The Commodity Exchange Act contains a number of exclusions from the definition of “swap,” including for any note, bond, or evidence of indebtedness. Although the instruments bore the title of a “note,” as a matter of economic reality, the defendants conceded that they were not designed to operate as a note, bond, or evidence of indebtedness. There is also an exemption for security forward contracts.  The fact that the SHN contemplated the physical delivery of the underlying backup shares (or their equivalent) in certain limited circumstances did not render it a security forward or a purchase or sale of a security on a fixed or contingent basis.

Dodd-Frank and Section 5(e) of the Securities Act makes it unlawful for any person to offer to sell, offer to buy, or purchase or sell a security-based swap to any person who is not an eligible contract participant without an effective registration statement. An “eligible contract participant” includes several categories of persons and, in certain cases, monetary thresholds that vary depending on the particular type of person or entity involved. For example, individuals need at least $5 million and often $10 million invested on a discretionary basis to qualify as eligible contract participants.

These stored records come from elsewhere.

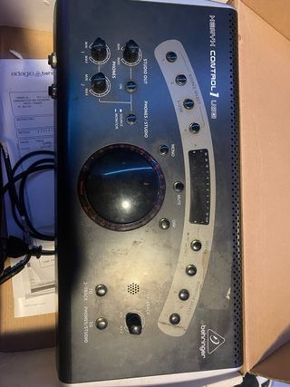 Controlador MIDI Behringer BCR2000. Dispone de múltiples potenciómetros y botones para controlar software de música. 32 potenciómetros rotatorios. 8 faders. Pantalla LCD. Conexión USB/MIDI.
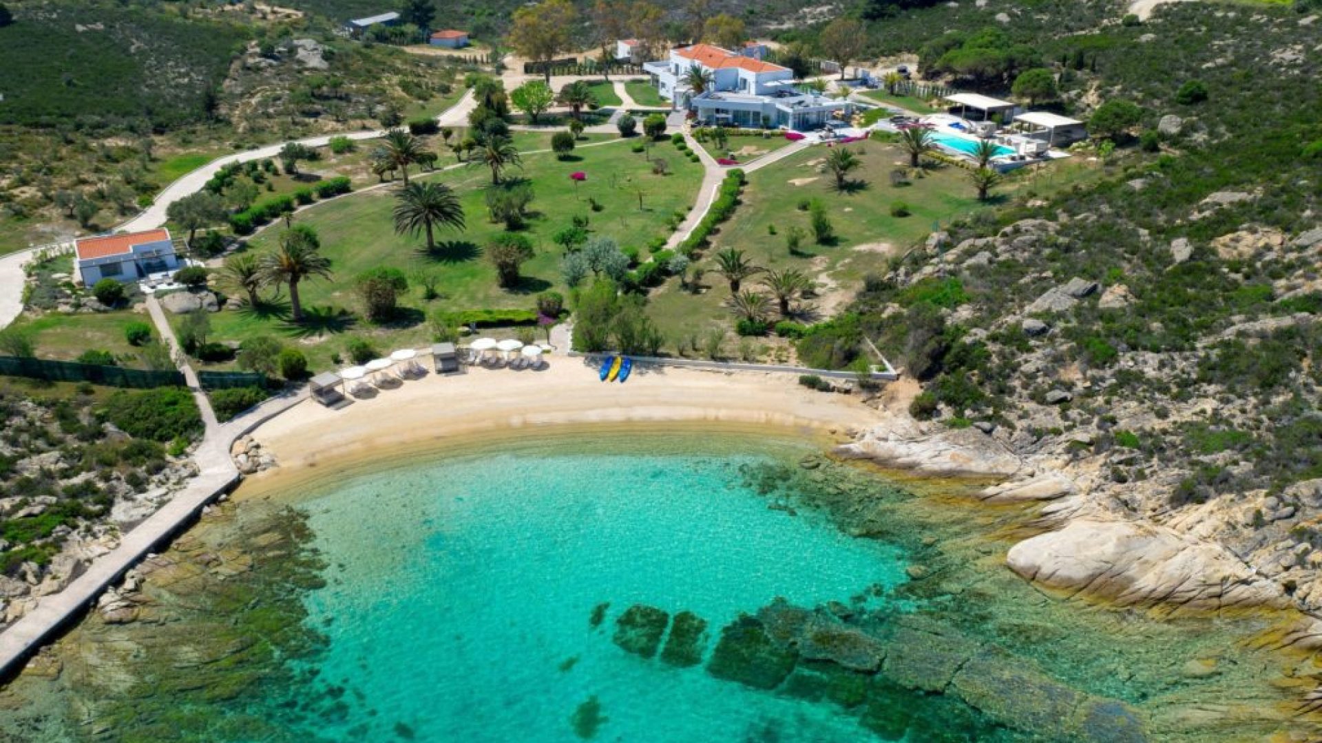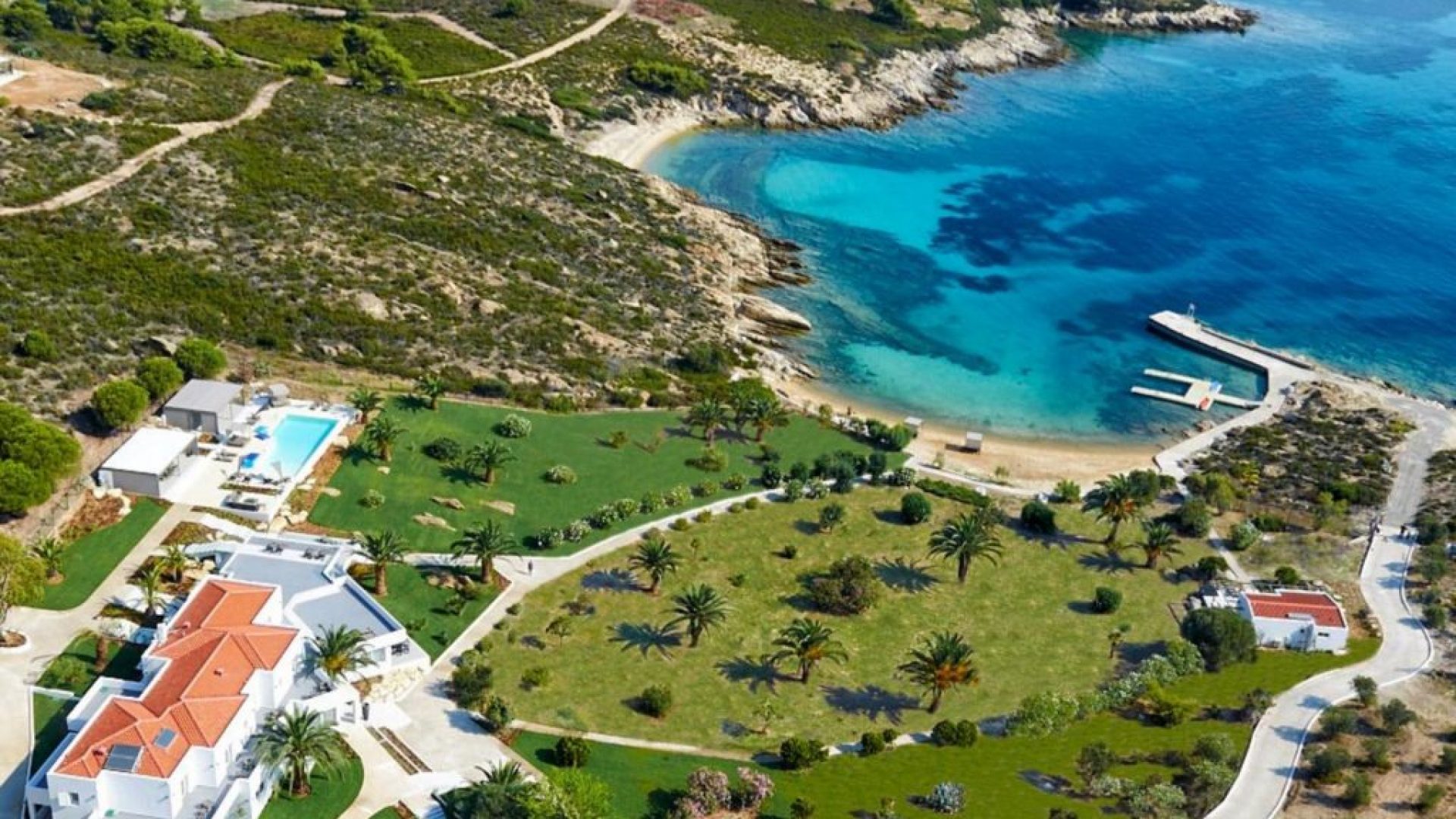 This unique property of 19.000 sqm total surface area lies in the north-eastern side of the island, between two private natural coves with calm, warm waters and a private jetty for easy access, where both big yachts and sailing boats can moor.
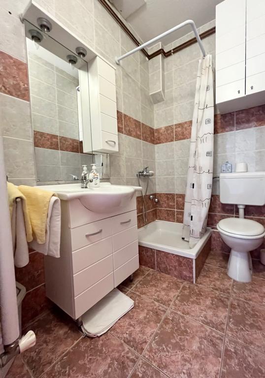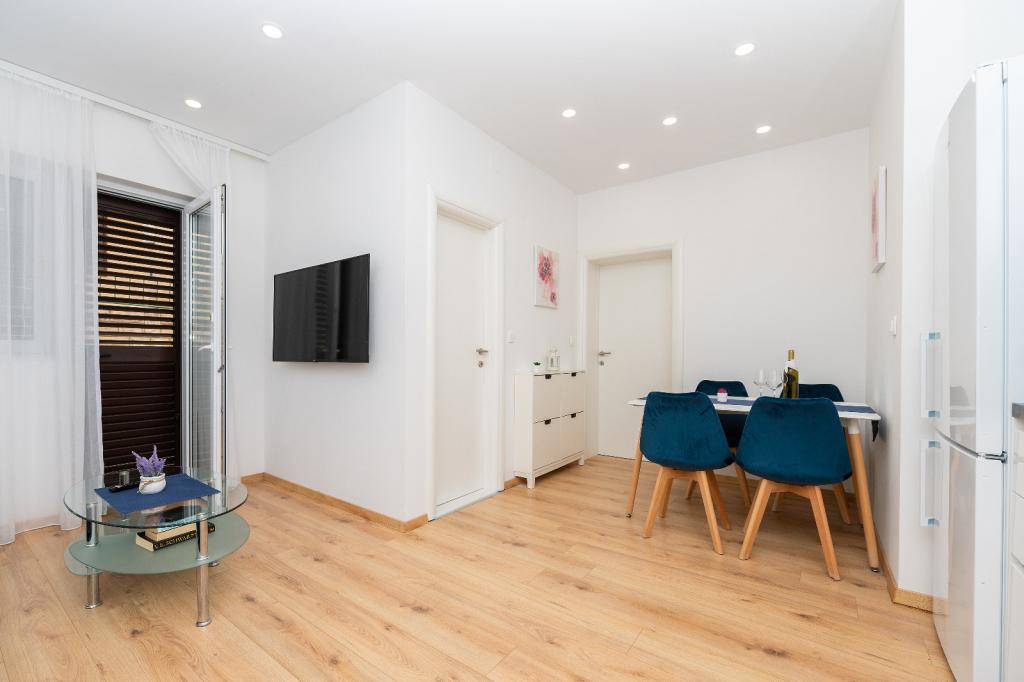 Apartamenty Sani są w pełni i nowocześnie wyposażone. Sypialnie są dwuosobowe, z podwójnymi łóżkami i łazienkami. Chętnie przyjmujemy większą rodzinę lub grupę przyjaciół, którzy lubią pierwszą kawę na tarasie lub kieliszek wina o zachodzie słońca. W ogrodzie znajduje się grill z meblami ogrodowymi. Restauracje i plaże znajdują się w odległości od 3 do 10 minut spacerem od obiektu, są tu różne atrakcje turystyczne, park dla dzieci, restauracje, dyskoteki, centrum sportowe, a jeśli to nie wystarczy, możesz codziennie odwiedzać nasze wyjątkowe wyspy na łodziach wycieczkowych. lub Ogród Botaniczny Góry Biokovo, która wznosi się nad miastem. Gospodarze są mili i profesjonalni, gotowi być zawsze do usług.
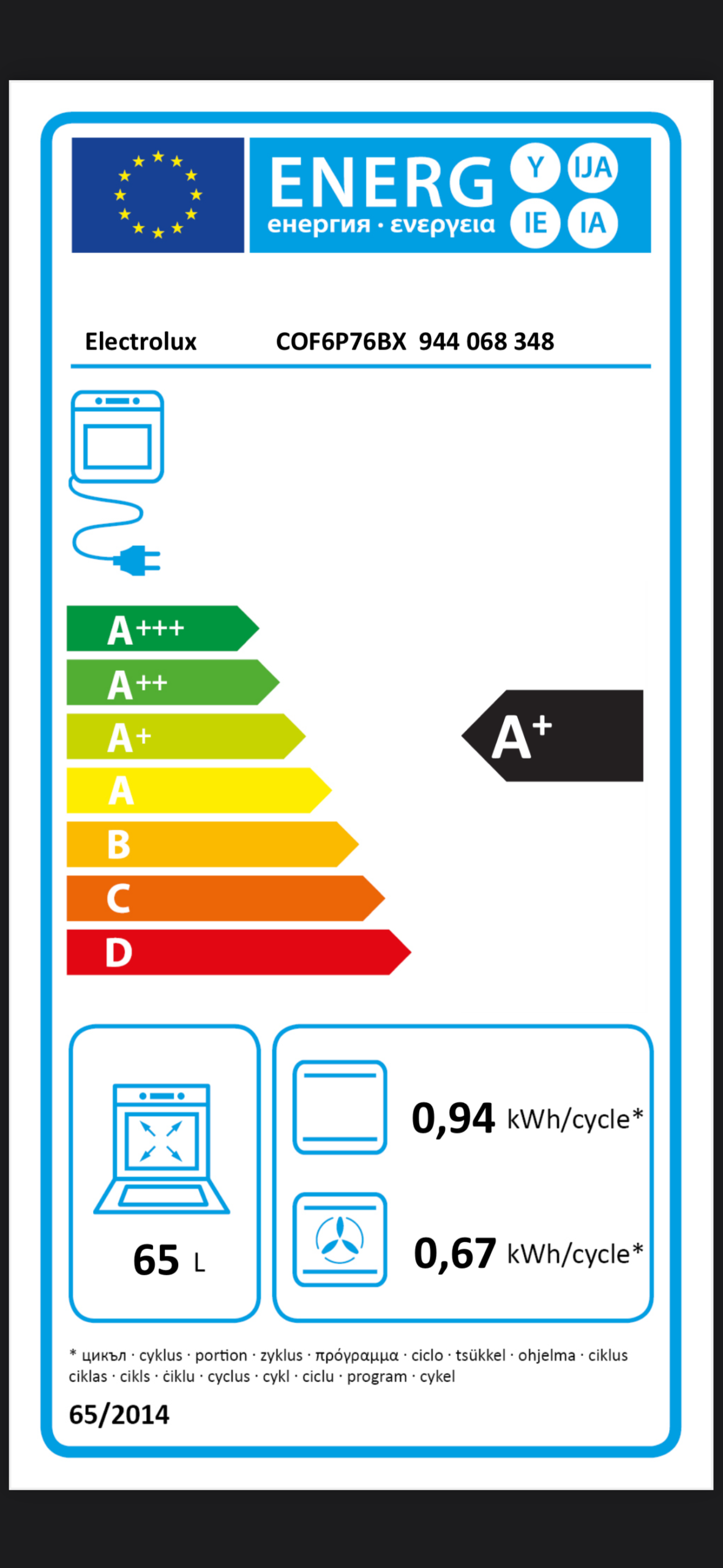 Gamintojas Electrolux Maitinimo tipas Elektrinė Orkaitės tipas Nepriklausoma Orkaitės išsivalymo technologija Pirolizė Garų tipas Nėra Spalva Nerūdijančio plieno / Juoda Valdymas Įspaudžiamos rankenėlės/Sensorinis Valdymo panelė Metalinė / Stiklinė Papildoma informacija Nėra Automatinės kepimo programos Nėra Standartinės kaitinimo funkcijos 9 Mikrobangų funkcija Nėra Teleskopiniai bėgeliai 1 lygio Mėsos termometras Nėra Wi-Fi Nėra Minkštas durelių uždarymas Yra Užraktas nuo vaikų Yra Durelių atsidarymo kryptis Įprastinis Orkaitės durelių stiklų skaičius 4 Greito įkaitinimo funkcija Yra Konvekcija Yra Talpa 65 l Energijos vartojimo efektyvumo klasė A+ Standartizuotas aukštis 60 cm Standartizuotas plotis 60 cm Aukštis 58.9 cm Plotis 59.4 cm Gylis 56.1 cm
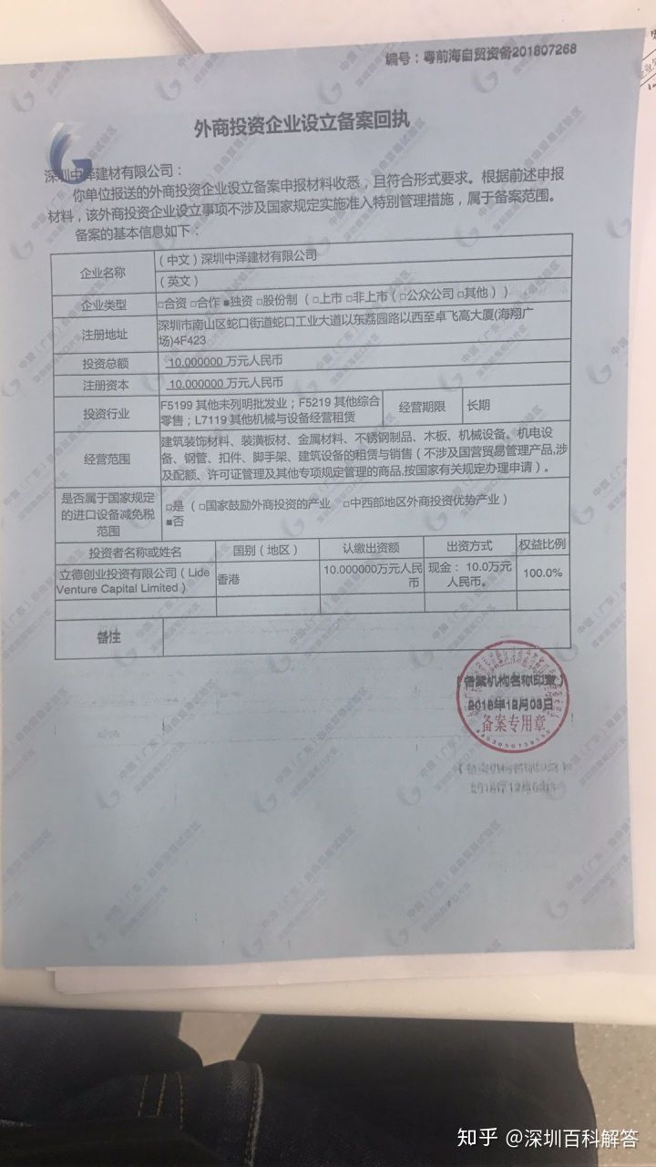 5、如果是外资企业,还需要进行外商备案。备案过了之后就会得到一个备案回执单。
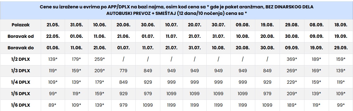 Smene od 21.06. do 30.08.2026. su po APP/DPLX – 10 noćenja
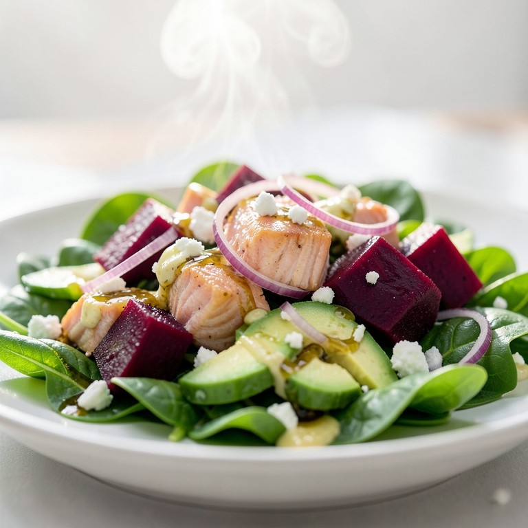 Una ensalada vibrante y nutritiva que combina la frescura de las espinacas con la cremosidad del aguacate, el toque terroso de la remolacha y la intensidad del queso feta, todo coronado con salmón rico en proteínas.
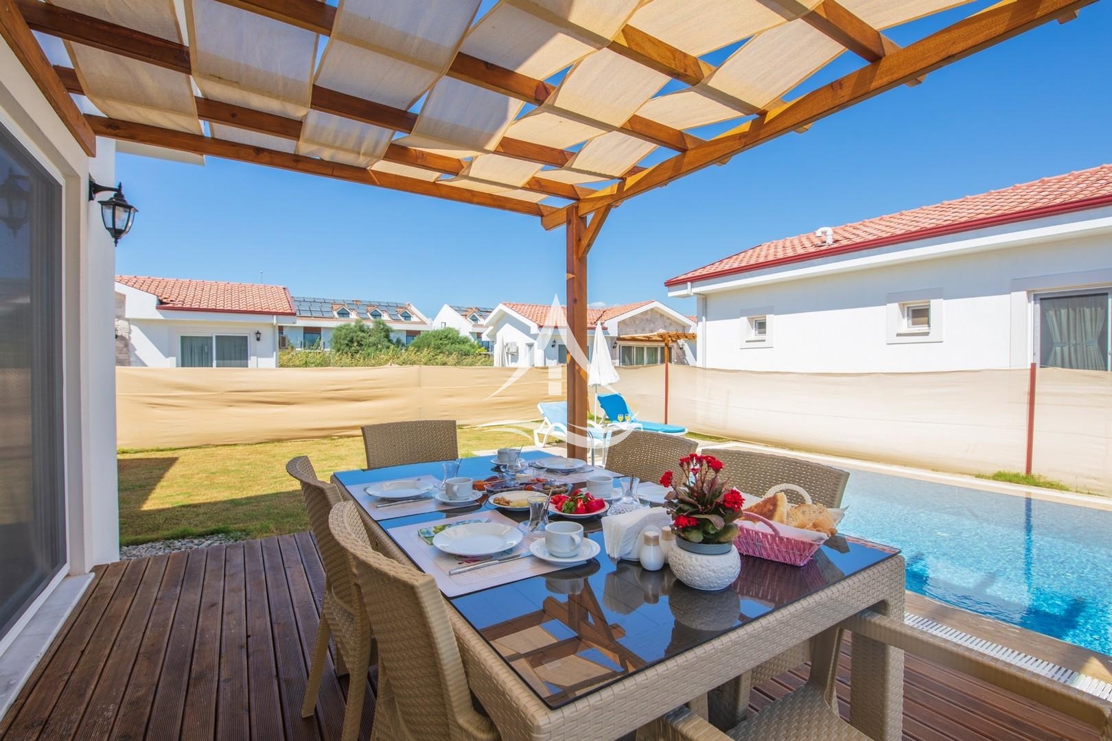 Fethiye Çalış mevkiinde bulunan Villa Teos 2, aynı alan içerisinde birbirinden bağımsız inşa edilmiş 7 adet villadan bir tanesidir. Özel havuzlu villamız denize yürüme mesafesindedir.
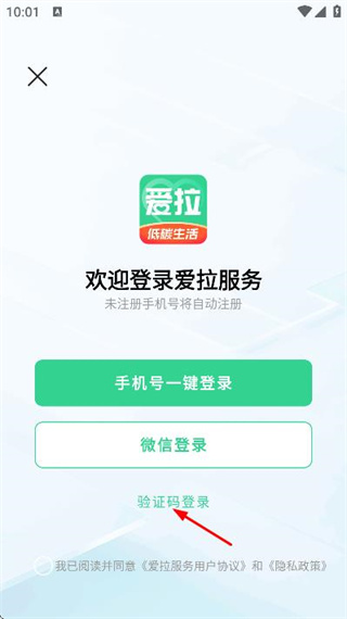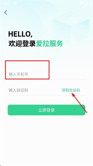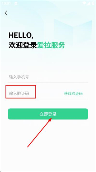 1、进入爱拉服务点击验证码登录,进入验证码登录页面。
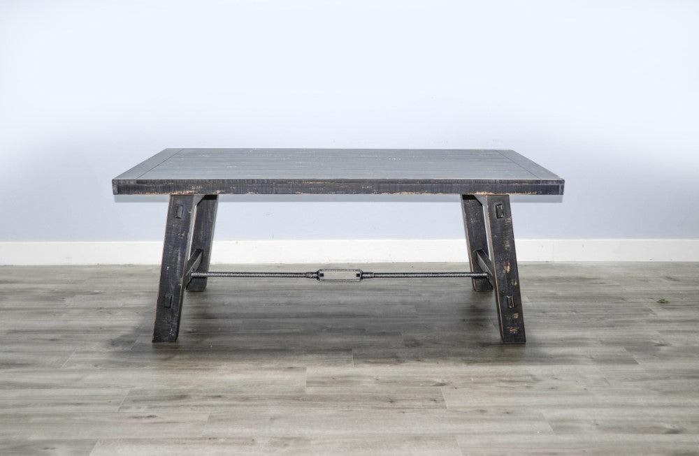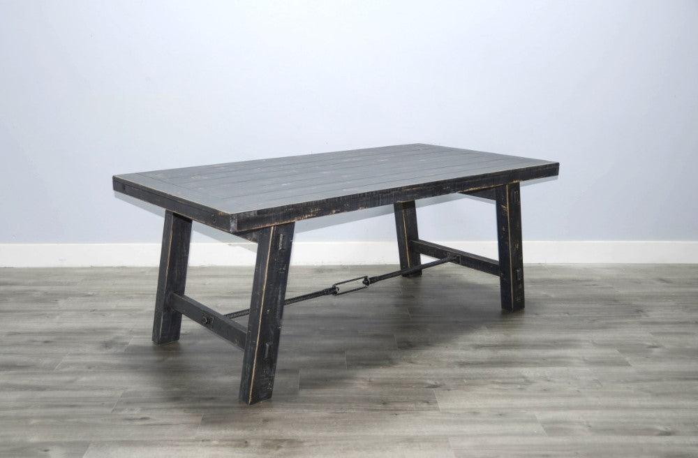 Expertly crafted with solid mahogany and rustic turnbuckle hardware, the Black Sand Dining Table offers a statement of timeless craftsmanship. The versatile design allows you to easily adjust the length from 74" to 96", making it perfect for hosting gatherings and dinner parties. With a sleek black finish, this table is a sophisticated addition to any dining room.
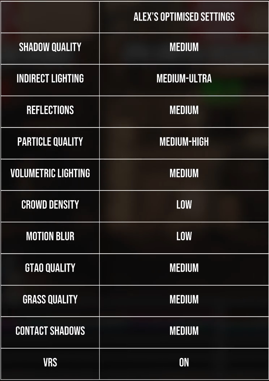 Diese Leistungs-Einstellungen sind eine Kombination aus Digital Foundry und das Hardware Unboxed Einstellungen!
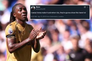 太陽報表示,16歲的埃澤當時剛剛被米爾沃爾解約,在2015年4月他發布了這條社媒:我發誓我一定會成功的,等我成功了,他們肯定會把這條推文找出來的,哈哈。
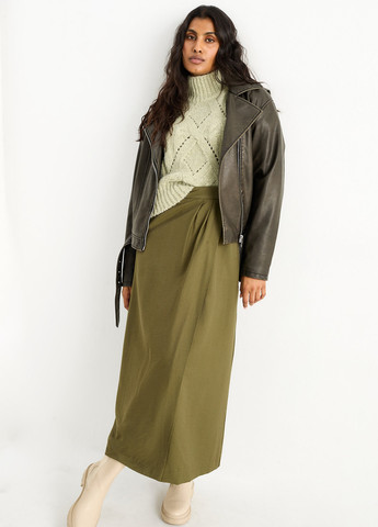 кешбэк от 6 ₴-51%650 ₴1 122 ₴553 ₴Акция:12:54:10Бесплатная доставка сC&A Оливковая (хаки) кэжуал юбка однотонная на запах складки гладкая вискоза производство - Германия36Цвет Хаки / Фасон На запах / Высота посадки Высокая талия / Длина изделия Макси / Материал Вискоза

Dodd-Frank also makes it unlawful:

  • for any person to offer to sell, offer to buy, or purchase or sell a security-based swap to any person who is not an eligible contract participant without an effective registration statement; and
  • for any person to effect a transaction in a security-based swap with or for a person that is not an eligible contract participant, unless such transaction is effected on a national securities exchange.

Many shareholders and investors who entered into defendants’ SHN and PDN contracts were not eligible contract participants. Therefore, according to the SEC, the defendants violated the Securities Act because the transactions were not executed with eligible contract participants, no registration statements were in effect and the contracts were not effected on a national securities exchange.